13 Oct 2006
Telephone Number Usability
+[country code] ([trunk prefix])[area code] [local number]
e.g. +44 (0)1234 567890
The trunk prefix is something you only have to dial within the UK (it’s considered part of the area code internally), hence the separation, but this approach is problematic. Do international callers know to omit the 0? It’s particularly confusing as parentheses are generally used around the area code elsewhere. And do UK callers know to either omit the +44 and include the 0, or include the +44 and omit the 0?
I’m not convinced it’s clear and helpful for anyone; something like (+44/0) 1234 567890 would at least try to convey the either/or nature of the information.
Anyway, I’m going to stop using it. I propose the following alternative approaches:
- Overwhelmingly UK-based audience
([trunk prefix][area code]) [local number]
e.g. (01234) 567890
Omit parentheses for national/mobile numbers
- Truly international (no strong UK bias)
+[country code] [area code] [local number]
e.g. +44 1234 567890
- Mixed (perhaps mainly UK but significant international element)
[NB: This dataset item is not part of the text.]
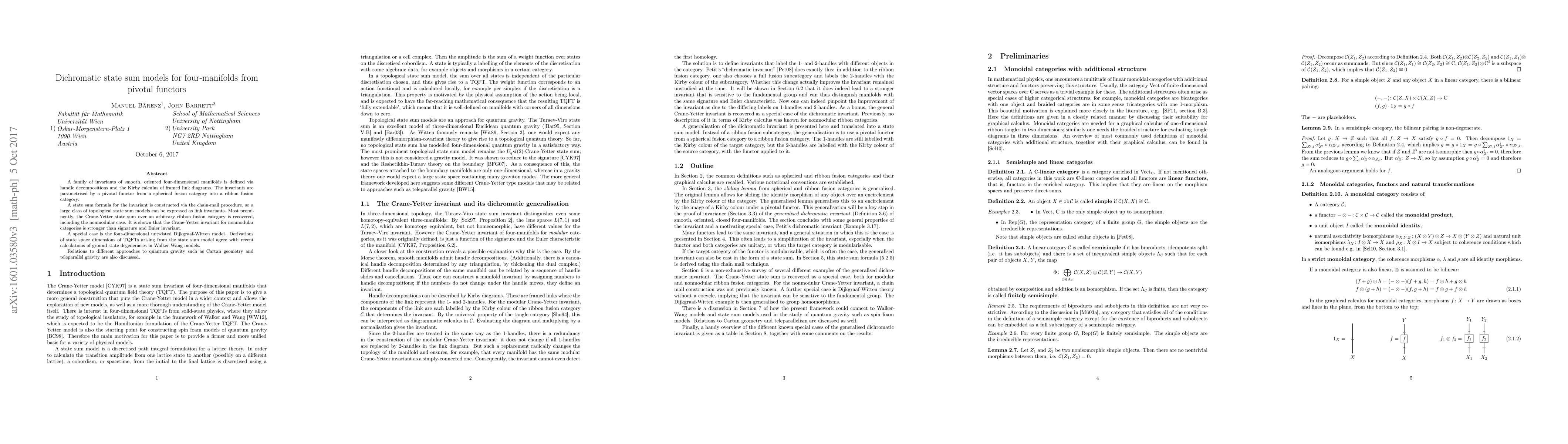 This paper defines invariants for four-manifolds using pivotal functors and state sum models, recovering the Crane-Yetter invariant, which is shown to be stronger than signature and Euler invariants. It also connects these models to quantum gravity approaches and agrees with recent calculations of ground state degeneracies.
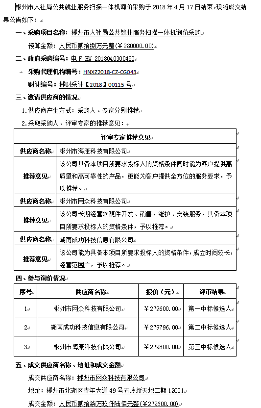 郴州市人社局公共就業(yè)服務(wù)掃描一體機詢價采購成交結(jié)果公告

- Both of the above, clearly labelled
e.g. UK Tel.: (01234) 567890, International: +44 1234 567890
For business-to-business or a tech-savvy audience you can get away with using just the international format slightly more often (people are increasingly putting all numbers into their mobiles and computers in international format so they’ll work when travelling or using VoIP).
Does anyone know where the (0) approach comes from? Like so many things, it’s firmly established but doesn’t make sense once you stop and think.